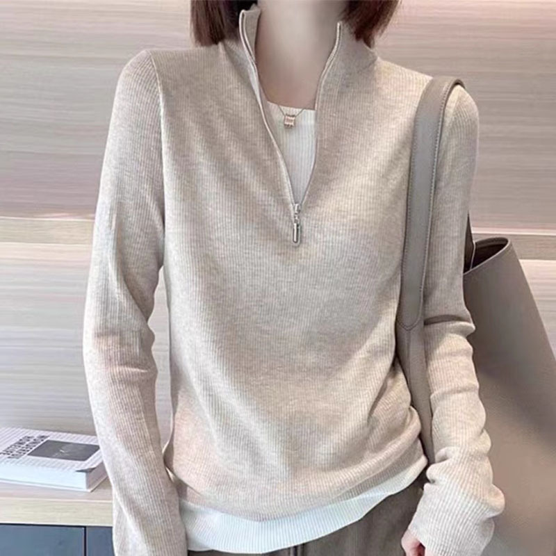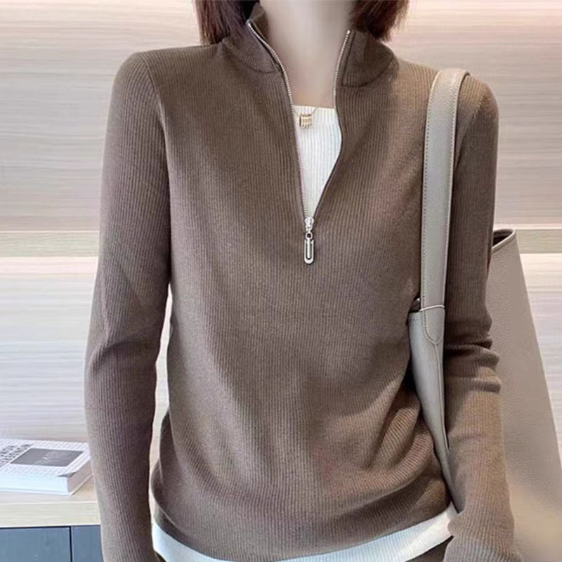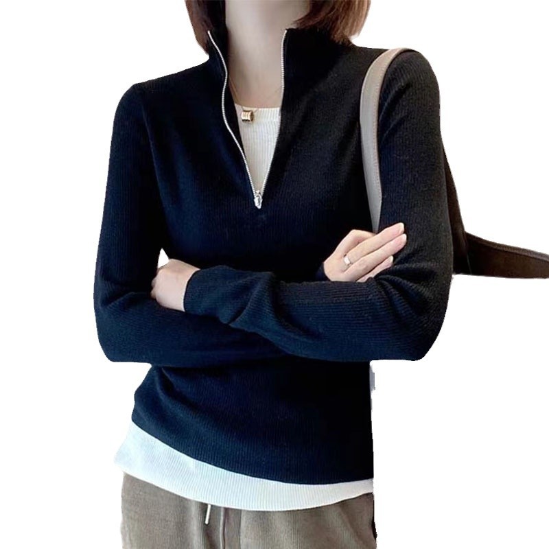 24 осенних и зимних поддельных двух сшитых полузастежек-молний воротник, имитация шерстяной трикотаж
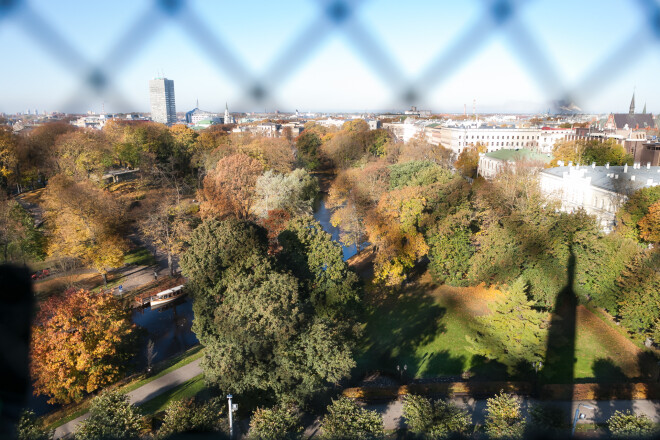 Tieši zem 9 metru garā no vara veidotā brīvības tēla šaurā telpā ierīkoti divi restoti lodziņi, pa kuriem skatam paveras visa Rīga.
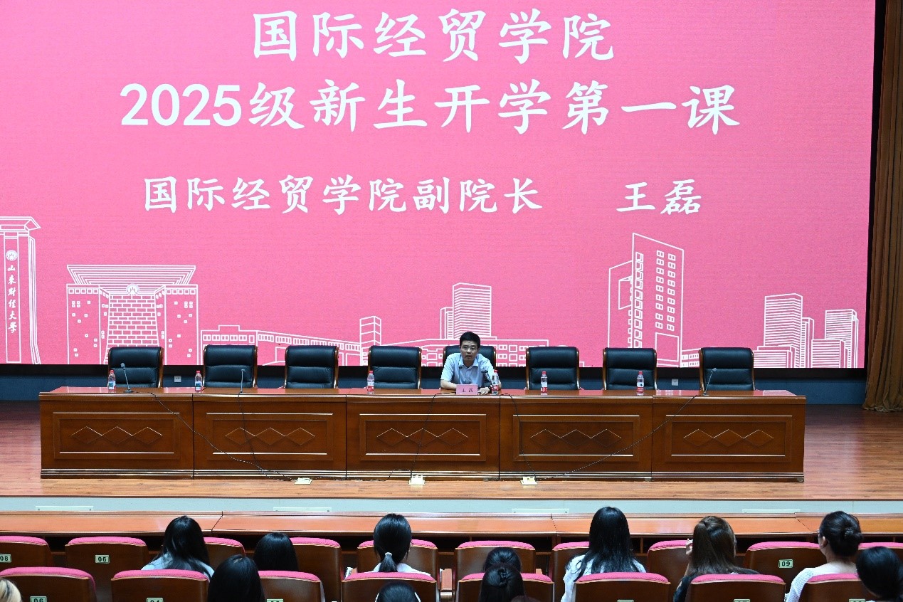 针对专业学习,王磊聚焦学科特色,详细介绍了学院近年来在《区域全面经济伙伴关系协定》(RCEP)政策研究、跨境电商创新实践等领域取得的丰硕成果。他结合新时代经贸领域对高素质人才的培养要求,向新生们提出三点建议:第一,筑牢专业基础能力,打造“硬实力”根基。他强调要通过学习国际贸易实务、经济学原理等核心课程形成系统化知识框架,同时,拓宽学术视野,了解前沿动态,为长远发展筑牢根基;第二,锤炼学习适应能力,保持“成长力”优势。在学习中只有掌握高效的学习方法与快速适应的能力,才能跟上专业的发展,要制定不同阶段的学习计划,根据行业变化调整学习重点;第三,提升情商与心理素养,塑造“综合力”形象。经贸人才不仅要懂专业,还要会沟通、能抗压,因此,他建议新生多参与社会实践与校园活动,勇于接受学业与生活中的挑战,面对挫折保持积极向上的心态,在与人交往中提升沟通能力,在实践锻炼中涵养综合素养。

Problem to work on – Write out each line again, exactly as it appears above, except for any picture.

Worked solution –
 24 осенних и зимних поддельных двух сшитых полузастежек-молний воротник, имитация шерстяной трикотаж
 Tieši zem 9 metru garā no vara veidotā brīvības tēla šaurā telpā ierīkoti divi restoti lodziņi, pa kuriem skatam paveras visa Rīga.
 针对专业学习,王磊聚焦学科特色,详细介绍了学院近年来在《区域全面经济伙伴关系协定》(RCEP)政策研究、跨境电商创新实践等领域取得的丰硕成果。他结合新时代经贸领域对高素质人才的培养要求,向新生们提出三点建议:第一,筑牢专业基础能力,打造“硬实力”根基。他强调要通过学习国际贸易实务、经济学原理等核心课程形成系统化知识框架,同时,拓宽学术视野,了解前沿动态,为长远发展筑牢根基;第二,锤炼学习适应能力,保持“成长力”优势。在学习中只有掌握高效的学习方法与快速适应的能力,才能跟上专业的发展,要制定不同阶段的学习计划,根据行业变化调整学习重点;第三,提升情商与心理素养,塑造“综合力”形象。经贸人才不仅要懂专业,还要会沟通、能抗压,因此,他建议新生多参与社会实践与校园活动,勇于接受学业与生活中的挑战,面对挫折保持积极向上的心态,在与人交往中提升沟通能力,在实践锻炼中涵养综合素养。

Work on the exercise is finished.